Catching Up on Yann LeCun: JEPA, World Models, AMI Labs, and the War Against LLMs

Catching Up on Yann LeCun: JEPA, World Models, AMI Labs, and the War Against LLMs

Everything he's been researching, saying, and building — and why it matters


If you've been watching the AI space closely this past year, you know that while the rest of Silicon Valley races to build bigger language models, Yann LeCun — Turing Award winner, co-inventor of convolutional neural networks, and until recently Meta's Chief AI Scientist — has been banging a very different drum. He thinks we're all going in the wrong direction. He's been saying so loudly for years. And now he's put his career where his mouth is.

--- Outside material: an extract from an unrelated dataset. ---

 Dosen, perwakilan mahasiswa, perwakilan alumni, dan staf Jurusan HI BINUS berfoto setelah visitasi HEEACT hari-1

This is a deep-dive primer on LeCun's full vision: what JEPA actually is, why he thinks LLMs are architecturally broken for reaching human-level intelligence, what his papers show, how it all applies to robotics, and what his new company Advanced Machine Intelligence (AMI) Labs is setting out to build.


Who Is Yann LeCun?

Born in France in 1960, LeCun is one of the most decorated figures in the history of AI. Alongside Geoffrey Hinton and Yoshua Bengio, he won the 2018 ACM Turing Award — computing's Nobel Prize — for foundational work on deep learning. [1]

His most celebrated invention is the convolutional neural network (CNN), developed at AT&T Bell Labs in the late 1980s. His early CNN system for reading handwritten digits became so effective that NCR deployed it in bank check-reading machines, at one point processing 10–20% of all checks written in the United States. [2]

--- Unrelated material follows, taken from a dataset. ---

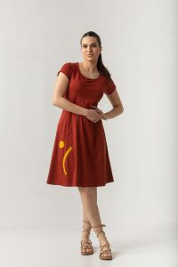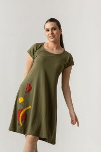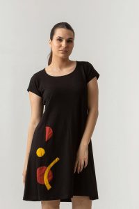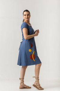 Φόρεμα σε ελαστική βαμβακόλυκρα με applique σχέδιο και κορδόνια που προσαρμόζονται στο πίσω μέρος.

He joined Facebook in 2013 as founding director of its Fundamental AI Research (FAIR) lab, later became Meta's Chief AI Scientist, and simultaneously maintained his professorship as a Silver Professor at NYU. In November 2025, after 12 years, he announced his departure from Meta to found his own AI startup. [2]

"Before 'urgently figuring out how to control AI systems much smarter than us' we need to have the beginning of a hint of a design for a system smarter than a house cat."
— Yann LeCun, on Twitter/X

Why He Thinks LLMs Are a Dead End

To understand JEPA, you first need to understand why LeCun rejects the mainstream. His critique of large language models like GPT-4 or Llama is not a quibble — it's a fundamental philosophical rejection.

LLMs are trained by predicting the next word in a sequence, on vast datasets of internet text. The result is impressive fluency but no grounded understanding of the physical world. LeCun argues these models hallucinate, cannot plan reliably, lack multi-step consistency, and have none of the commonsense background knowledge a two-year-old has acquired just by existing in the world. [3]

"We are not going to get to human-level AI just by scaling LLMs. They cannot achieve that milestone because they simply predict text rather than truly understand the world."
— Yann LeCun, Big Technology Podcast, 2025

He told researchers at a 2025 conference to "absolutely not work on LLMs." He called them "useful but fundamentally limited" — and in one Financial Times interview, called them a "dead end" on the road to superintelligence. [4][5]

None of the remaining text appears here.